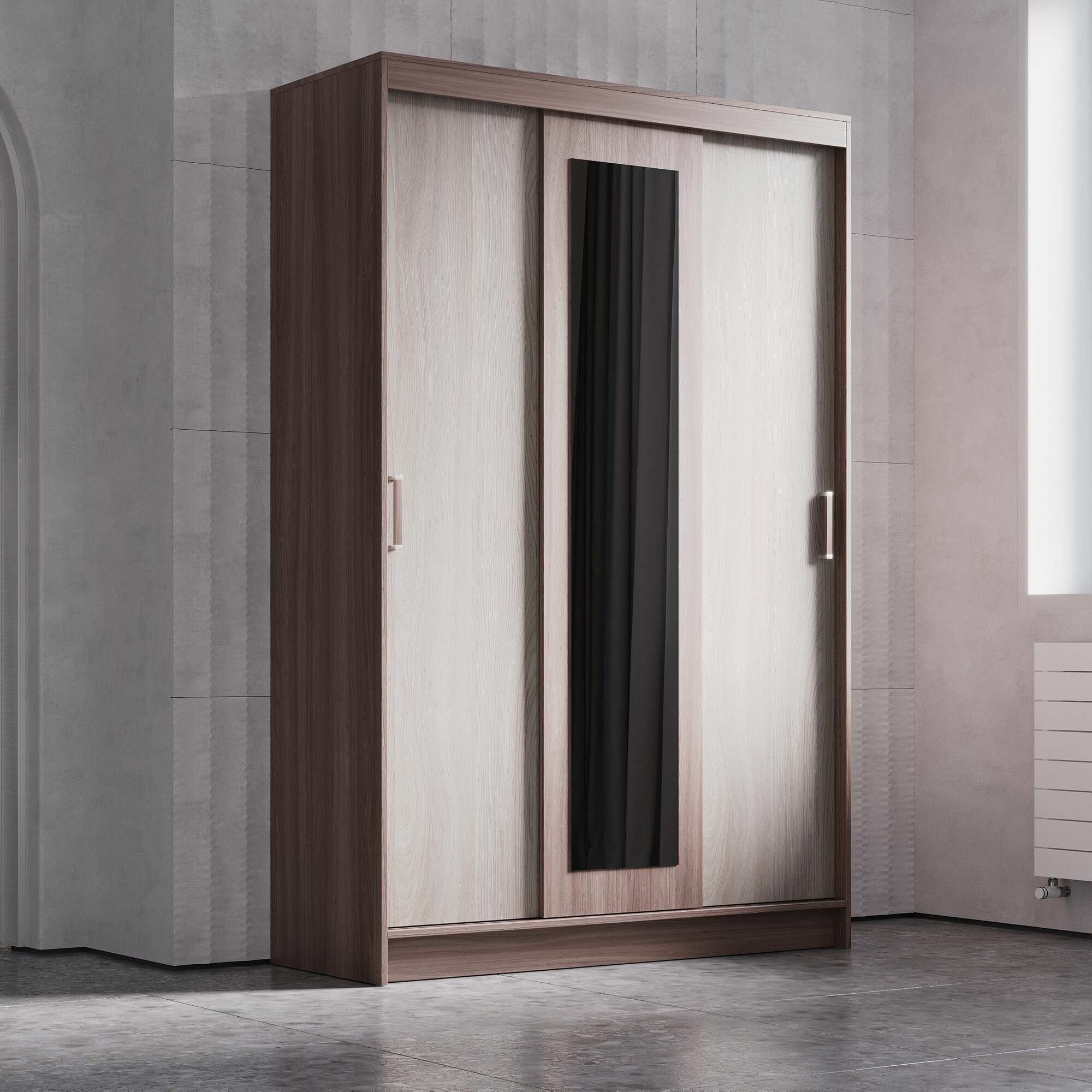 Купить Шкаф-купе Бася/Бассо/ Бруно 5 Ясень Шимо светлый/ темный ЛДСП, с зеркалом, полками, штангой, для прихожей , спальни, гостиной 1300х500х2000 тэкс
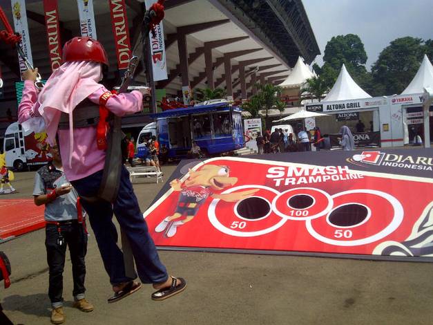 One of the most anticipated is “Smash Trampolin Games”. The game is interesting to enjoy. The combination of adrenaline and the speed of SMASH pointed three spots containing points. One of the games which you can't miss to play is able to be played by everyone less than 80kg weigth. A trampolin and its saftey device have been provided for the guests. If you're interested, after the safety belt is put on, you have to jump while holding a racket and smash the shuttlecock being thrown by the crews. There are three points available, 50, 100 and 150 as your targets. You will only get three chances to score. If you can score 200 points, you'll get two t-shirts, 150 points will get you one t-shirt and 50-100 iw worth a pin. Isn't that pretty cool? So, what are you waiting for? Visit the Nation’s Pride Arena and spark the DIOSSP 2013! Pride of The Nation
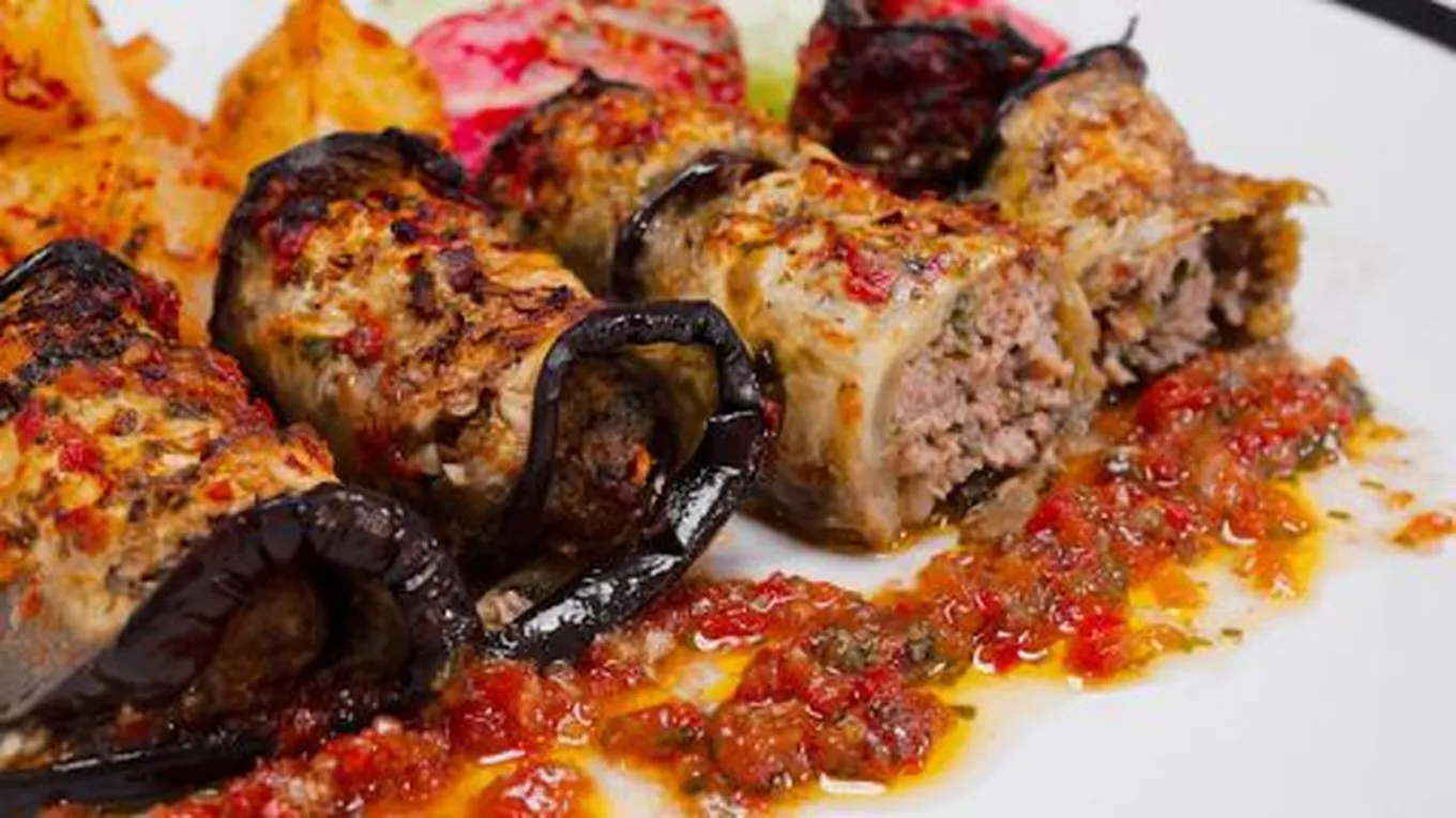 - نضع في الصينية زيت الزيتون، وبصل، وبندورة معلبة، وملح، ثمّ نضيف لفائف الباذنجان، ونُدخلها الفرن على درجة حرارة متوسطة، ونتركها لمدة ساعة إلا ربعاً على الأقل حتى تنضج.
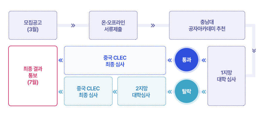 중국 중외어언교류합작중심(CLEC)의 장학프로그램으로, 중국 내 130여개 대학과 협력하여 공자아카데미 학생들에게 주국 현지에서 중국문화와 중국어를 학습할 수 있는 기회를 제공하는 장학프로그램
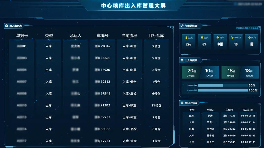 系统综合使用RFID、传感器、智能图像识别等技术,建立快速登记系统、自动扦样系统、快速化验系统、自动称重系统、出入仓确认系统,自动采集粮仓作业数据,保证粮仓出入库数量信息的准确性。
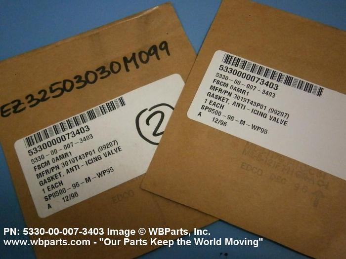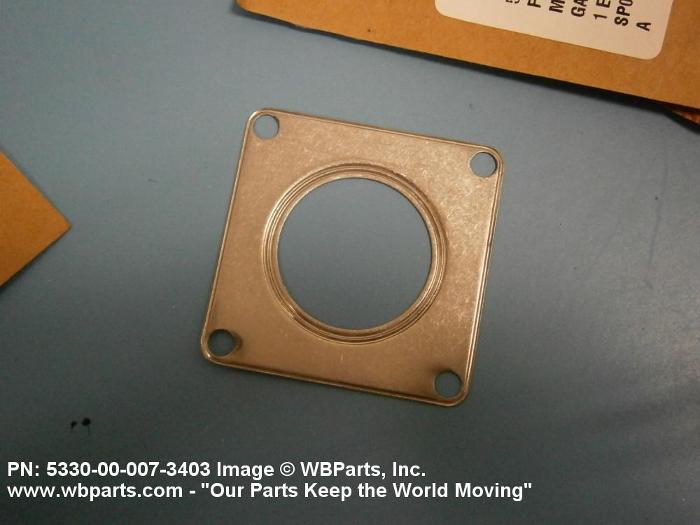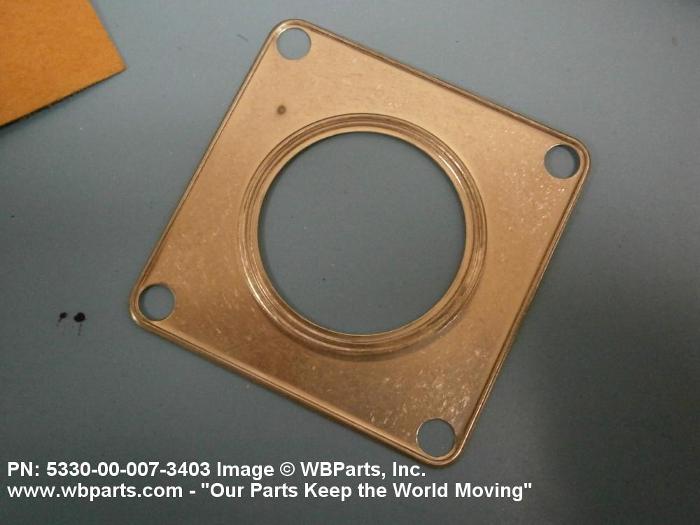 5330-00-007-3403 A deformable material which prevents the passage of matter through the joint formed when two faces are joined. It may be metallic or nonmetallic, lubricated or impregnated, solid or hollow cross section. It may be made to any predetermined dimension and shape. Excludes flat disks, items made of felt material and items having joints. For round metal and plastic items with an aperture and a solid rectangular cross section, see WASHER, FLAT; SHIM; BEARING, WASHER, THRUST; and SPACER RING. Excludes DISK, VALVE; SEAL, NONMETALLIC ANGLE; SEAL, NONMETALLIC CHANNEL; SEAL, NONMETALLIC SPECIAL SHAPED SECTION; SHIELDING GASKET, ELECTRONIC; and RING, SEALING JAR.
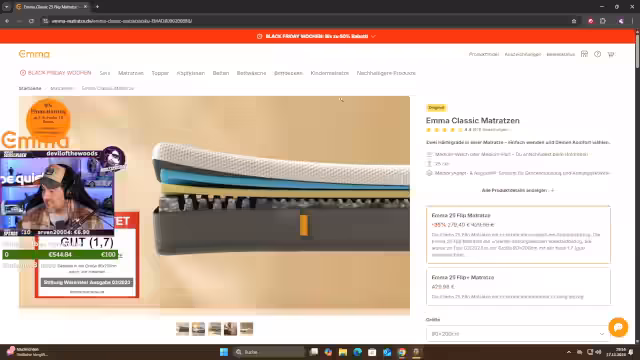 03:48:09Der Streamer räumt eine kleine Unstimmigkeit bei seinem Gewicht aus und korrigiert seine Angabe. Er betont, dass die Emma-Matratzen getestet werden können und eine 100-Nächte-Probeschlaf-Garantie sowie eine kostenlose Lieferung und Rücksendung bieten. Auf die Produkte gibt es bis zu 10 Jahre Garantie. Diese Koaktion läuft bis Ende November.
⁂
WORK ORDER - Write out, exactly, the lines of the material from the very first through the line containing "系统综合使用RFID、传感器", and leave out every picture.

RESPONSE TO THE TASK -
 Купить Шкаф-купе Бася/Бассо/ Бруно 5 Ясень Шимо светлый/ темный ЛДСП, с зеркалом, полками, штангой, для прихожей , спальни, гостиной 1300х500х2000 тэкс
 One of the most anticipated is “Smash Trampolin Games”. The game is interesting to enjoy. The combination of adrenaline and the speed of SMASH pointed three spots containing points. One of the games which you can't miss to play is able to be played by everyone less than 80kg weigth. A trampolin and its saftey device have been provided for the guests. If you're interested, after the safety belt is put on, you have to jump while holding a racket and smash the shuttlecock being thrown by the crews. There are three points available, 50, 100 and 150 as your targets. You will only get three chances to score. If you can score 200 points, you'll get two t-shirts, 150 points will get you one t-shirt and 50-100 iw worth a pin. Isn't that pretty cool? So, what are you waiting for? Visit the Nation’s Pride Arena and spark the DIOSSP 2013! Pride of The Nation
 - نضع في الصينية زيت الزيتون، وبصل، وبندورة معلبة، وملح، ثمّ نضيف لفائف الباذنجان، ونُدخلها الفرن على درجة حرارة متوسطة، ونتركها لمدة ساعة إلا ربعاً على الأقل حتى تنضج.
 중국 중외어언교류합작중심(CLEC)의 장학프로그램으로, 중국 내 130여개 대학과 협력하여 공자아카데미 학생들에게 주국 현지에서 중국문화와 중국어를 학습할 수 있는 기회를 제공하는 장학프로그램
 系统综合使用RFID、传感器、智能图像识别等技术,建立快速登记系统、自动扦样系统、快速化验系统、自动称重系统、出入仓确认系统,自动采集粮仓作业数据,保证粮仓出入库数量信息的准确性。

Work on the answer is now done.